Data below:

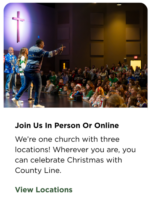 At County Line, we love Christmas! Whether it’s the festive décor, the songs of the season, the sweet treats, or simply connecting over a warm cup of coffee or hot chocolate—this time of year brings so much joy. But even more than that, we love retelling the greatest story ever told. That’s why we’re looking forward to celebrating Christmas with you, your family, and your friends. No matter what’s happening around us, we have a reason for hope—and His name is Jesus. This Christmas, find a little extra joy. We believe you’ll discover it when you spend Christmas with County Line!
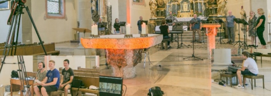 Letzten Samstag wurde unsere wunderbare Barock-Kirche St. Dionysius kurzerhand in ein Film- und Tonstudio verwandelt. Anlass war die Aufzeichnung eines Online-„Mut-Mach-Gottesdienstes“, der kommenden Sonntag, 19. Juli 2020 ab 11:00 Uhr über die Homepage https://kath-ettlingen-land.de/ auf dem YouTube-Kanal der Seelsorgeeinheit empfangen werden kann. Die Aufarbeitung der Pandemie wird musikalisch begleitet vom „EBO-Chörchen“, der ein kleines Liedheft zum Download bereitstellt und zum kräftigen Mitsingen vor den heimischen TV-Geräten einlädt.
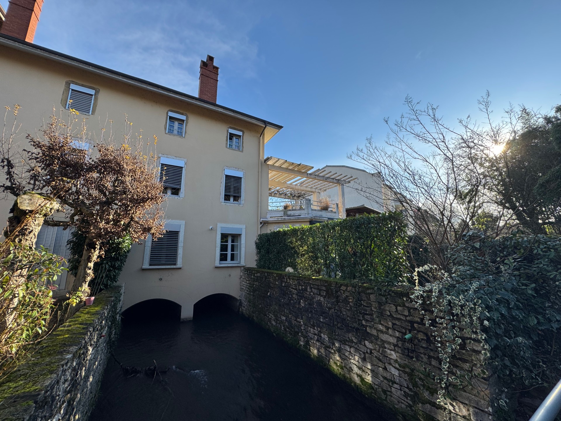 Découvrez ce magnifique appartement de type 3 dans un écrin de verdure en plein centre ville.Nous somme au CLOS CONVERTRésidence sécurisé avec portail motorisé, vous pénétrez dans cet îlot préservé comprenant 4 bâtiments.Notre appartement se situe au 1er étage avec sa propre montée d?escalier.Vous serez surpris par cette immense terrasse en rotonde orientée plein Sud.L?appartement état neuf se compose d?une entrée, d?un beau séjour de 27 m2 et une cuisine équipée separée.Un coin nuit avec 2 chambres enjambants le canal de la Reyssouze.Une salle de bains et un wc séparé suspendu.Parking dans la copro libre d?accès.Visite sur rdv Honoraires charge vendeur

Work instructions:
Repeat the line containing "Letzten Samstag wurde" and every line after it up to the end of the material above, exactly as they stand, minus the pictures.

Exercise output:
 Letzten Samstag wurde unsere wunderbare Barock-Kirche St. Dionysius kurzerhand in ein Film- und Tonstudio verwandelt. Anlass war die Aufzeichnung eines Online-„Mut-Mach-Gottesdienstes“, der kommenden Sonntag, 19. Juli 2020 ab 11:00 Uhr über die Homepage https://kath-ettlingen-land.de/ auf dem YouTube-Kanal der Seelsorgeeinheit empfangen werden kann. Die Aufarbeitung der Pandemie wird musikalisch begleitet vom „EBO-Chörchen“, der ein kleines Liedheft zum Download bereitstellt und zum kräftigen Mitsingen vor den heimischen TV-Geräten einlädt.
 Découvrez ce magnifique appartement de type 3 dans un écrin de verdure en plein centre ville.Nous somme au CLOS CONVERTRésidence sécurisé avec portail motorisé, vous pénétrez dans cet îlot préservé comprenant 4 bâtiments.Notre appartement se situe au 1er étage avec sa propre montée d?escalier.Vous serez surpris par cette immense terrasse en rotonde orientée plein Sud.L?appartement état neuf se compose d?une entrée, d?un beau séjour de 27 m2 et une cuisine équipée separée.Un coin nuit avec 2 chambres enjambants le canal de la Reyssouze.Une salle de bains et un wc séparé suspendu.Parking dans la copro libre d?accès.Visite sur rdv Honoraires charge vendeur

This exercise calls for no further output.